Ein großes Tabuthema

Darüber zu reden, wie es ist, sich keinen Urlaub leisten zu können, fällt den meisten Betroffenen schwer. Sie habe damit zu leben gelernt, sich irgendwie arrangiert, meint Christine S. Im alltäglichen Leben werden Betroffene oft daran erinnert, nicht dazuzugehören und von der Gesellschaft vergessen zu werden. Christine erzählt von einer Bekannten, die in Urlaubsgesprächen in der Arbeit daran erinnert wird, nicht verreisen zu können. „ Da geht es dann darum, wo jemand auf Urlaub war und wie viele Sterne das Hotel hatte, wie viele Kilometer der Sandstrand lang war.“

Das Gefühl nicht teilhaben zu können und Sachen zu erleben, die in unserer Gesellschaft fast schon als selbstverständlich gelten, kennen bereits Kinder, die in Armut aufwachsen. In alltäglichen Situationen werden sie zwangsläufig mit ihrer Situation konfrontiert. Zum Beispiel in der Schule nach den langen Sommerferien und der Frage, wo sie denn ihren Urlaub verbracht hätten. „Und die müssen dann sagen: ich war bei der Oma. Im glücklichen Fall ist es die Oma im Waldviertel, wenn er oder sie Pech hat, ist es die Oma in Hernals“, weiß S. aus eigener Erfahrung. Sie ist Mutter von vier mittlerweile erwachsenen Kindern.

Kind am Meer

pixabay

Kinder kennen ihre engste Umgebung nicht

Laut einer Erhebung der österreichischen Armutskonferenz kann nur die Hälfte der Kinder aus einkommensschwachen Familien einmal im Jahr auf Urlaub fahren. Zehn Prozent von ihnen können nicht an kostenpflichtigen Schulaktivitäten wie etwa Ausflügen oder Sprachreisen teilnehmen. „Meine Kinder haben von klein auf gelernt, dass sie Süßigkeiten beim Warten an der Supermarktkasse nicht haben können. Genau so war es mit dem Urlaub“, so Christine S. Sie weiß, was sie da ihren Kindern abverlangte.

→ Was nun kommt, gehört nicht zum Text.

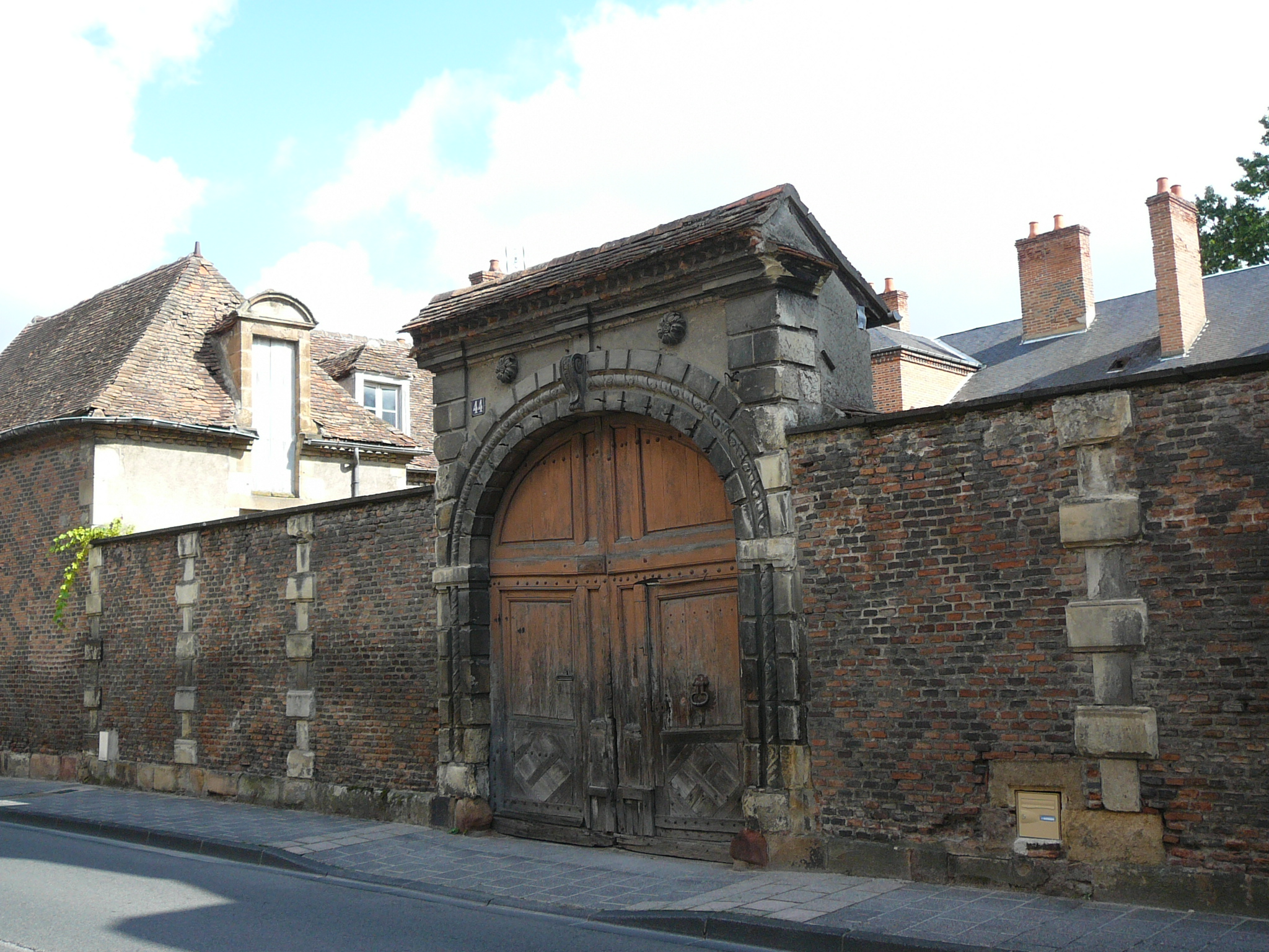 Hôtel Héron Moulins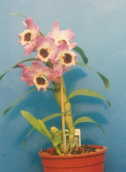 Eulophia guineensis (an orchid). Downloaded from : Larsen Twins Orchids

Dabei geht es beim Thema Kinder und Urlaub um mehr, als einfach nicht ins Ausland fahren zu können. Es beginnt vor ihrer Haustüre. Viele Kinder und Jugendliche kommen nicht aus ihrem engsten Lebensumfeld raus. Sie wohnen beispielsweise in der Nähe von Wien, waren aber noch nie in ihrem Leben in der Innenstadt. Touristen und Touristinnen kennen sich dort teilweise geographisch besser aus, als unterprivilegierte Kinder und Jugendliche aus den Wiener Randbezirken. Nicht verreisen zu können, heißt für diese jungen Menschen auch eine eingeschränkte Lebenswelt zu haben, aus der sie schwer ausbrechen können.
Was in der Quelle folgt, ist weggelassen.